Approach. Sort; used-array; skip with i>0 && nums[i]==nums[i-1] && !used[i-1].
Go¶
package main
import (
"fmt"
"sort"
)
func permuteUnique(nums []int) [][]int {
sort.Ints(nums)
var res [][]int
used := make([]bool, len(nums))
var cur []int
var bt func()
bt = func() {
if len(cur) == len(nums) {
res = append(res, append([]int(nil), cur...))
return
}
for i := 0; i < len(nums); i++ {
if used[i] {
continue
}
if i > 0 && nums[i] == nums[i-1] && !used[i-1] {
continue
}
used[i] = true
cur = append(cur, nums[i])
bt()
cur = cur[:len(cur)-1]
used[i] = false
}
}
bt()
return res
}
func main() { fmt.Println(permuteUnique([]int{1, 1, 2})) }
Java¶
import java.util.*;
public class PermuteUnique {
public static List<List<Integer>> permuteUnique(int[] nums) {
Arrays.sort(nums);
List<List<Integer>> res = new ArrayList<>();
bt(nums, new boolean[nums.length], new ArrayList<>(), res);
return res;
}
static void bt(int[] a, boolean[] used, List<Integer> cur, List<List<Integer>> res) {
if (cur.size() == a.length) { res.add(new ArrayList<>(cur)); return; }
for (int i = 0; i < a.length; i++) {
if (used[i]) continue;
if (i > 0 && a[i] == a[i - 1] && !used[i - 1]) continue;
used[i] = true; cur.add(a[i]);
bt(a, used, cur, res);
cur.remove(cur.size() - 1); used[i] = false;
}
}
public static void main(String[] args) {
System.out.println(permuteUnique(new int[]{1, 1, 2}));
}
}
Python¶
def permute_unique(nums):
nums.sort()
res, cur = [], []
used = [False] * len(nums)
def bt():
if len(cur) == len(nums):
res.append(cur[:]); return
for i in range(len(nums)):
if used[i]:
continue
if i > 0 and nums[i] == nums[i - 1] and not used[i - 1]:
continue
used[i] = True; cur.append(nums[i])
bt()
cur.pop(); used[i] = False
bt()
return res
if __name__ == "__main__":
print(permute_unique([1, 1, 2]))
Final Tips¶
- Always ask about duplicates before coding — it changes the template.
- Say the complexity out loud and note it's output-sensitive (you can't beat
2^n/n!). - Guard the two bugs explicitly: copy on emit, un-choose after recurse.
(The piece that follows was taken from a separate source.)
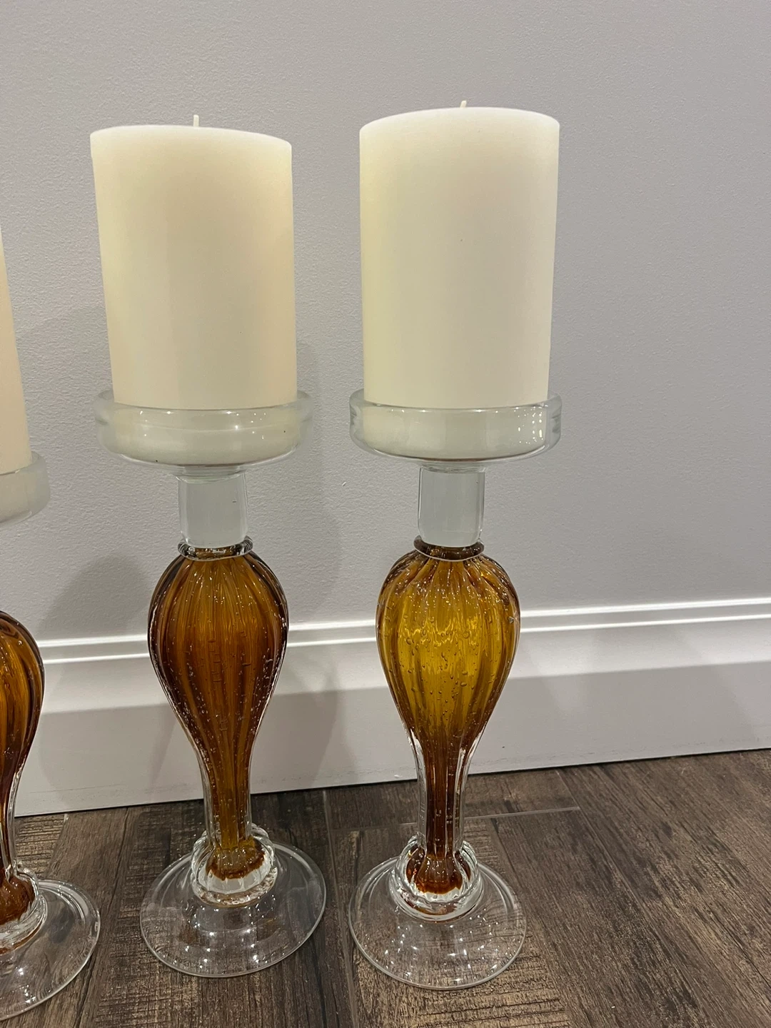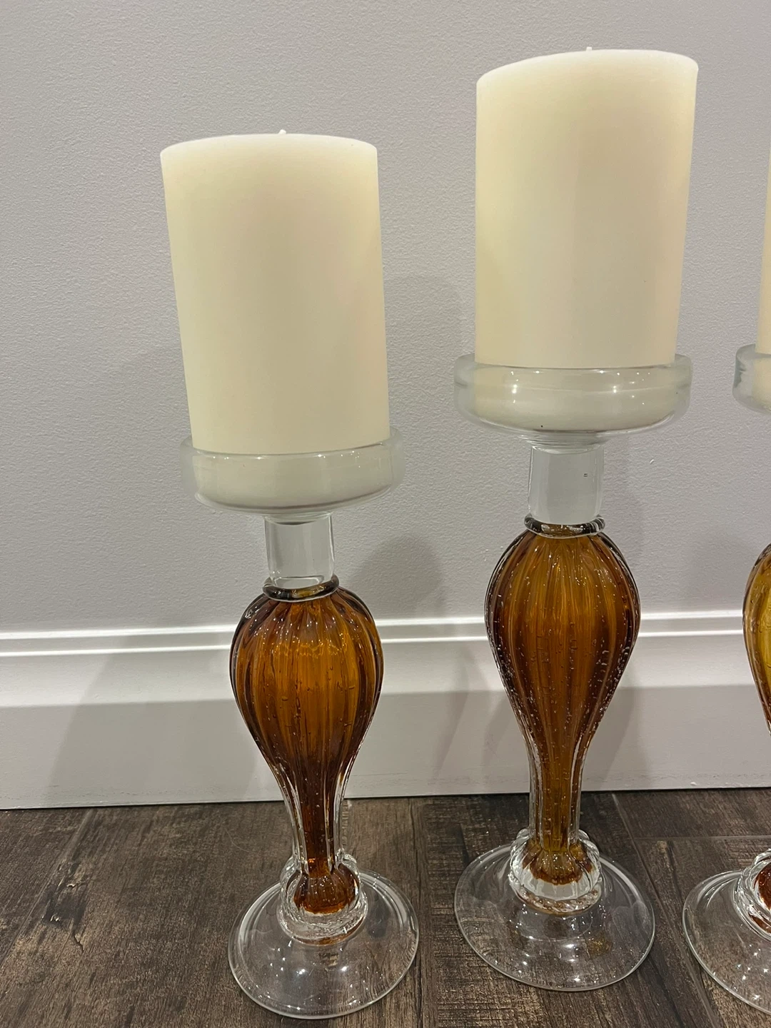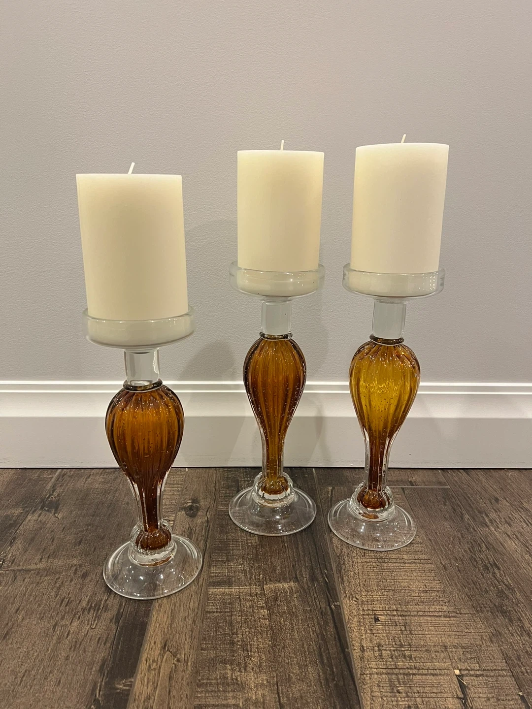 Buy & SellSet of 3 Amber and Clear Glass Candle HoldersSet of 3 Amber and Clear Glass Candle Holders$30Set of three decorative candle holders. Features a clear glass base and stem with an amber glass goblet-shaped accent. Holds pillar candles.ConditionLike newWHERE TO MEETMorgan CrossingView MapSELLERverifiedHaleyN Grandview Heights600 reviews0 chats·2 favorites·23 viewsSEND CHAT TO SELLERHi Haley! I’m interested in your listing.Hi Haley! I’m interested in your listing.Get the Karrot app to chatSign In to chat

- Know the one-line discriminators:
ivsi+1(reuse vs once),i>startvs!used[i-1](subset vs permutation dedup). - Mention streaming for large
neven if the interviewer only asks for the list — it shows production awareness. - Cross-check small cases against the count formulas to prove correctness on the spot.